De novo assembly for SS-ref
In order to produce the optimal SS-ref, three modified de novo assembly strategies were compared based on the NGS data from A1. They were different in the NGS read sets, including all clean read sets, homologous read sets filtered by BLAST or by BWA mapping. De novo assembly was performed using SOAPdenove2 [33] by default parameters with the best k-mer size estimated by KmerGennie [34]. The detailed assembly information was as follows.
(1) “Denovo”: the de novo assembly directly by all clean [22, 34]. All clean data from NGS were put into SOAPdenovo2, and produced contigs. Then contigs were aligned to NC_000845.1 using MEGA6, and produced a consensus [22].
(2) “BLAST_denovo”: the de novo assembly by homologous read sets filtered from clean data by BLAST. Clean data were filtered against a reference panel composed of all complete Sus Scrofa mitochondrial genome sequences (219) downloaded from NCBI database by the BLAST tool with the blastn command, and then these sets were put into SOAPdenovo2 for de novo assembly.
(3) “BWA_denovo”: the de novo assembly by homologous read sets filtered from clean data by BWA. Clean reads were mapped against the above-mentioned reference panel to filter homologous sequences of each sample by BWA, and then these sequences were assembled by SOAPdenovo2.
To assess the three de novo assembly strategies, the indicators including the N50, consensus length, coverage and sequence polymorphism resulted from each strategy were measured.
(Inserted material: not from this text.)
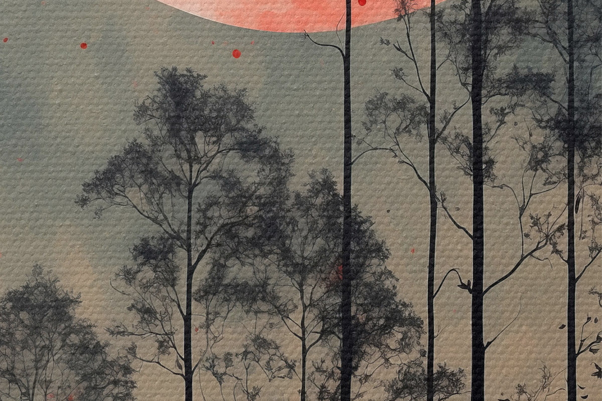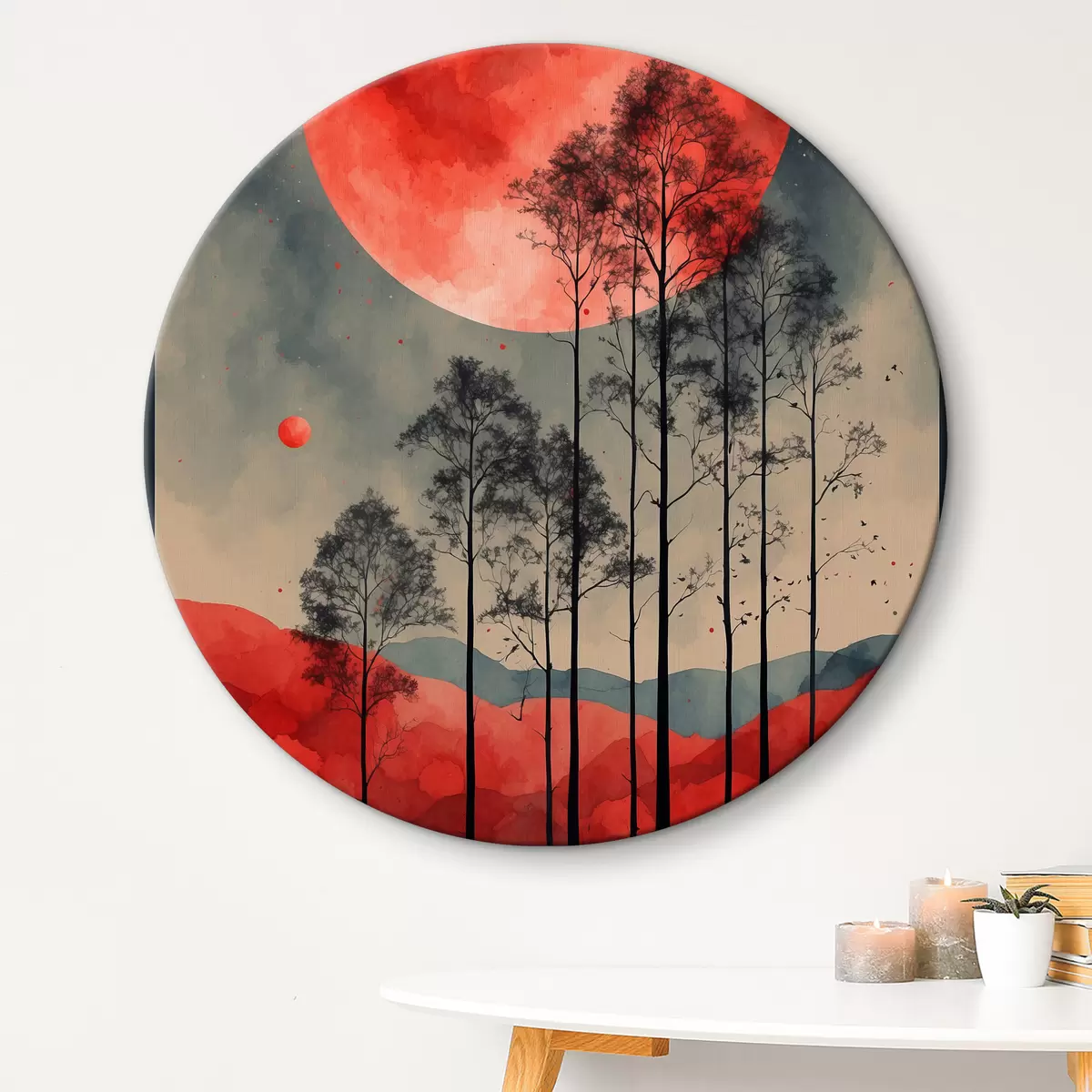Okrągły obraz Krwawy księżyc w pełni nad lasem Nr r38862
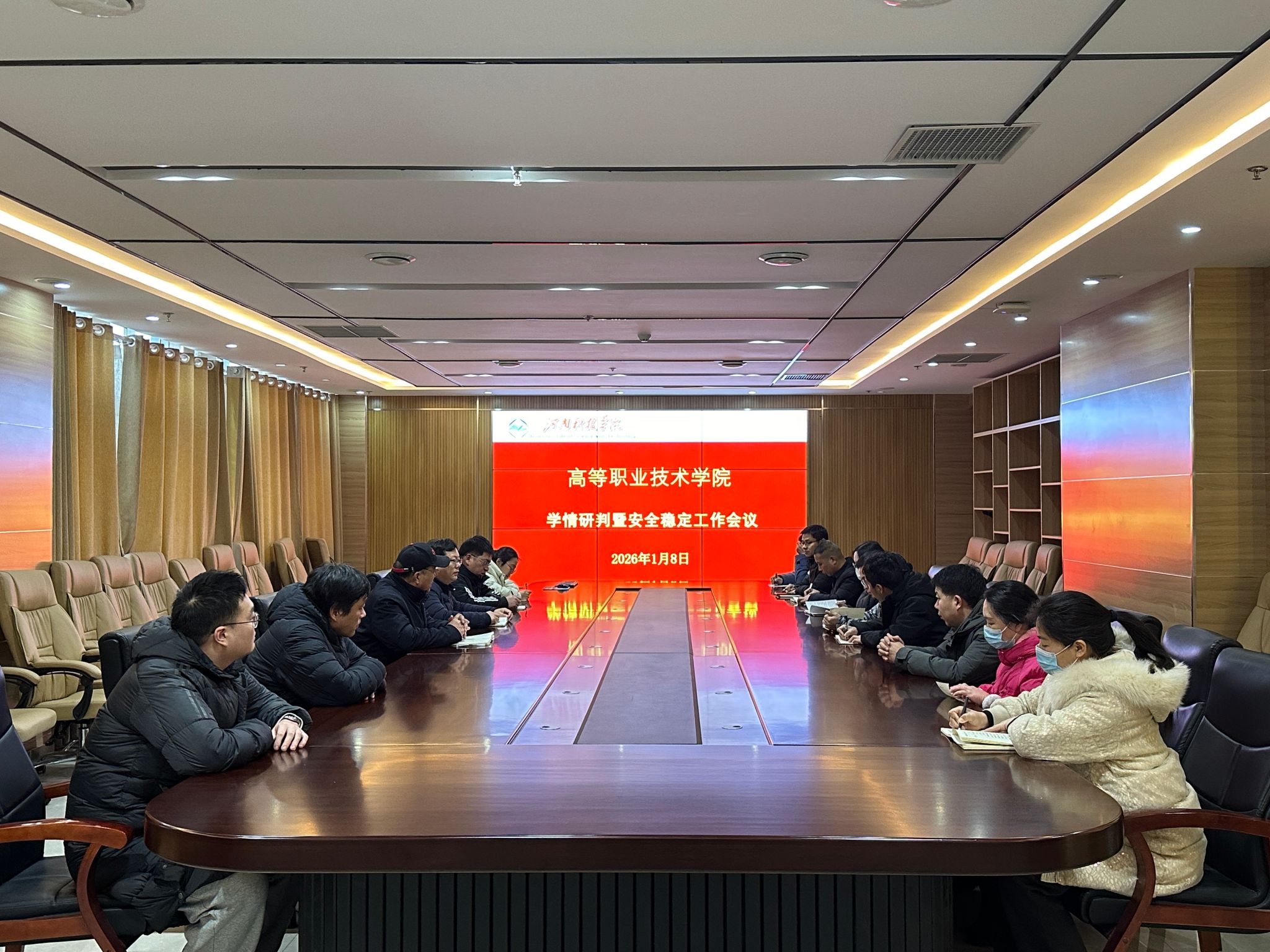 为筑牢学生安全稳定防线,1月8日上午,高等职业技术学院在综合楼十楼会议室召开学情研判暨安全稳定工作会议。学院党委副书记张高峰、各系党支部书记、辅导员及团委、学生科全体人员参加会议。

SNP calling of mitochondrial genomes
Three variation callers, i.e, SAMtools 1.3.1 [35], VarScan 2.3.9 [36] and GATK 3.7 [37], were respectively applied with different parameter combinations detailed in Table 2 to bam files resulting from mitogenome alignments. These parameters were selected to ensure comparability among different callers. The minimum base quality required to consider a base for calling was set to be 30.
The performance of SNP calling was evaluated in the overall genotype concordance by comparing the NGS results with the Sanger data, with the assumption that the Sanger sequencing gave the correct calling [38-40]. Only the positions where a Sanger sequence were available were kept, and the concordance SNPs between Sanger and NGS data for each individual were considered as true SNPs, while the discrepancies were considered as errors. When NGS data identified an alternate homozygote not observed by Sanger sequence, it was considered as a false positive. Accordingly, when NGS data did not see an alternate homozygote found with Sanger sequence, it was considered as a false negative. The number of true SNPs, false positives and false negatives were analyzed.